Nothing much happened until about two months ago, except for a series of mysterious calls on my mobile phone, which might be linked to EDF Energy.
I then got a bill from EDF Energy of £180.83, which on querying with them, they said was for the time whilst they were swapping everything over to nPower. I immediately queried it on the phone and I then got a reduced bill of £70.46, but I thought this was still too high as it ran from the 1st December 2010, when I didn’t move in until the 12th.
I was now dealing with them by e-mail and the e-mail said this.
If you have any further queries please do not hesitate to contact me via my email.
So I did. Several times, in an attempt to get the bill adjusted to the 12th of December or full explanation of their calculations. Let’s face it there comes a point, where you don’t fight a bill of seventy quid any longer, as it just isn’t worth the effort. I also put it in a letter to them.
That point came on Thursday, when I sent them the money by bank transfer. But even that wasn’t as simple as paying other companies, as their bank, doesn’t accept the faster payments system, that virtually all others do. This excellent system means you get a certified receipt for a payment within a few minutes. Read about them here in the Guardian. If ever there was a reason for Internet banking, it’s this payment system.
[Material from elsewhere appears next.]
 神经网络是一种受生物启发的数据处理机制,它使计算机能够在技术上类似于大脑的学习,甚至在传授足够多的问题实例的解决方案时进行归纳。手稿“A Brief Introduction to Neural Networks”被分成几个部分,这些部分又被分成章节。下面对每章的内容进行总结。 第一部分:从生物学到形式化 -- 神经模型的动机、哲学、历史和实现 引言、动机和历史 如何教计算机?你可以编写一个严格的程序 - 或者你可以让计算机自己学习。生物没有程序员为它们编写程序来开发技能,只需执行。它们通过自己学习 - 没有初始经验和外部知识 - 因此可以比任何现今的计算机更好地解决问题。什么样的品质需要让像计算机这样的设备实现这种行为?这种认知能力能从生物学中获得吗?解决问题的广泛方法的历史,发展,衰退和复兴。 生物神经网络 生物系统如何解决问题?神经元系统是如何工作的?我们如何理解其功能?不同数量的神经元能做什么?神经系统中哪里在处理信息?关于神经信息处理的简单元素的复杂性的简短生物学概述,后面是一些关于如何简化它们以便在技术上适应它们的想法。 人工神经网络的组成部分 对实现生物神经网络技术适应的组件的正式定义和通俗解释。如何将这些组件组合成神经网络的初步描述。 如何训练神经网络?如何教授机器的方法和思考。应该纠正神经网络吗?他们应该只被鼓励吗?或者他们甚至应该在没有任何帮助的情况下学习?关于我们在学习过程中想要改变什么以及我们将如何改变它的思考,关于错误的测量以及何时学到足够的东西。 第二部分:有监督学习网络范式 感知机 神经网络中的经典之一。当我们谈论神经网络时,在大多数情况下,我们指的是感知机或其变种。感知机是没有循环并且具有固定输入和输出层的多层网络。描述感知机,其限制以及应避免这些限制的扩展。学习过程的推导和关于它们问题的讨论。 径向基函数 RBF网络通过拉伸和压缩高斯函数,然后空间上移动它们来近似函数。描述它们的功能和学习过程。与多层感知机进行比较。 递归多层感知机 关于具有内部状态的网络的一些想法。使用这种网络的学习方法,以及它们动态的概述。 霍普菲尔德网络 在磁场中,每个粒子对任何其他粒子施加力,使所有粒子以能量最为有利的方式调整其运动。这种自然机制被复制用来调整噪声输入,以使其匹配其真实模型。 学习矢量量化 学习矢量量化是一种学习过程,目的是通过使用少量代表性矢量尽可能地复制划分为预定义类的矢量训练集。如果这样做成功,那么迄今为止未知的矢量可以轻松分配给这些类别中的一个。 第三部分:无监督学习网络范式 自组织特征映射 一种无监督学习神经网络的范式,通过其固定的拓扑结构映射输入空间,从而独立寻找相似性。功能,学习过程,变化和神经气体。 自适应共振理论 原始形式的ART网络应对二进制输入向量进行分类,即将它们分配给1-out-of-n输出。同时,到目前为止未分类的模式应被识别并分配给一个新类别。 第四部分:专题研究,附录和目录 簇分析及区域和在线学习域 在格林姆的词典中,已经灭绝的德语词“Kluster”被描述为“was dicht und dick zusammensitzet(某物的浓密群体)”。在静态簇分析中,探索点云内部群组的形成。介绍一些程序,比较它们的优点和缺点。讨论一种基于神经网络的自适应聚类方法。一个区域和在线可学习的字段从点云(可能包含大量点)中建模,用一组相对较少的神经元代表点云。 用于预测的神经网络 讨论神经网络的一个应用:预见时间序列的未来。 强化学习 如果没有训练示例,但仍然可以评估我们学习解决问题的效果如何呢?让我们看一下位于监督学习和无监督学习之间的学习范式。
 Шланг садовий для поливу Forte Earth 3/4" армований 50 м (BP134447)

It’s been debited from my bank account, so it’s somewhere in the system. It’s probably being processed in some overseas department of France, if they use a French bank.
I should say that their automated system phoned my mobile phone number, despite the fact that I told them I always deal with people over my landline. This automated system had no way getting a realperson and expected me to type in the twelve digits of my debit card number without making a mistake. I can do that easily on my large button landline phone, but not on my Nokia 6310i. Their automated system is about as customer friendly to someone with a small disability like me, as a unicycle. So in the end I hung up on them. They didn’t ring again. Surely that is wrong, as some other companies, will ring you back with a real person if the person accepting the call doesn’t seem to be responding properly.
Let’s hope that’s the end of it. I shall certainly not be recommending EDF Energy to any of my friends. As they say on Eurovision, they have earned nil points for Customer Service.
Any more calls from them and I’ll use the famous Sun headline from the 1970s or so.